Monday 28 September 2009

The true cost of living


I’ve just come back from seeing my GP in the vain hope there may be something on my file about my conception. They are going to look through the old paper records but think it more likely that if there is anything it will be on my mother’s records. This is unlikely since my conception was arranged privately and Reynold Boyd’s son, Nicholas Boyd, apparently put all the records in a skip. Probably sums up the practitioners’ attitude towards their end product!

I need to know whether there is any genetic information I can pass on to my children. For example after I had breast cancer my GP kindly spent time talking to my daughter about the likelihood of her contracting this disease. Unfortunately, of course, I had supplied my GP with totally incorrect family data so she based her conversation with my daughter on the fact that there was no other breast cancer in the family. My GP is going to research whether or not there was in fact a genetic factor so that my daughter, at least, will be better informed than I have been.

I have had medical personnel in the past saying how ‘unlucky’ I have been in not only having breast cancer but also mantle cell lymphoma. I am now wondering whether this is just bad luck. Mantle cell lymphoma is rare in men but even rarer in women. Is my bad luck due to environmental factors, my genetics or epigenetics?

I am a non-smoker with a healthy lifestyle. I am not overweight, I eat healthy food most of which I prepare myself and I go for a walk most days. Everyone has been surprised at these diagnoses. When I contracted cancer my mother said to me that I was the last person she would have thought would succumb to the disease and she had been a nurse of long standing. She also said something which I didn’t pick up on at the time, “It’s my fault.” Of course we reassured her then that she was blameless and even now I know about my conception I know that there can be no way she is to blame, but that was her instinctive reaction. The problem is did the practitioners really know enough about the background of the donor or the effects of donor conception on the offspring?
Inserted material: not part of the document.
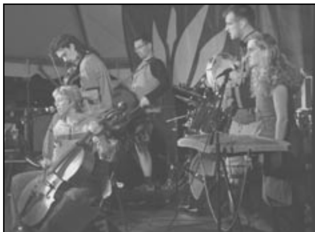
The Warsaw Village Band in Bloomington

Look for their new CD, Uprooting , which was released in October 2004. All of their Lotus Festival fans sincerely hope that they will return to Bloomington very soon. —JBC (The Warsaw Village Band website is at www.wvb.terra.pl )
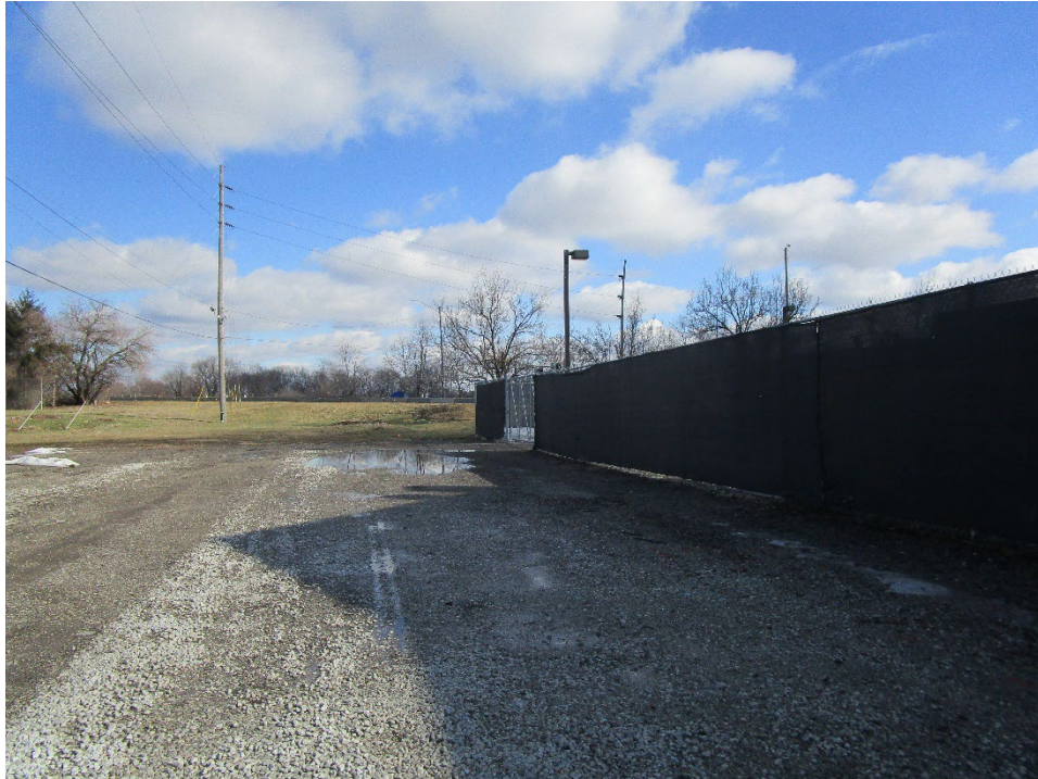
View from site looking east

Have there been sufficient studies as to the medical outcomes for donor offspring and IVF offspring? The latter group are still quite young but there is some evidence to suggest a higher than average incidence of leukaemia. The problem about donor offspring isn’t just that there have not been any studies as far as I know, but the records have been destroyed and most donor offspring don’t know they were conceived in this way. I am at the age when medical problems are going to show but I am the tip of the iceberg. I know that lots of people desperately want to have children but does that mean we have a right to children and is it at any cost? What is the true cost to the children of their parents’ desire to reproduce? This is something we may all have to consider carefully.

1 comment:

  1. Your questions are very thought provoking. Would I want to have a child knowing I may be passing on breast cancer or some other form of cancer? Don't think so ...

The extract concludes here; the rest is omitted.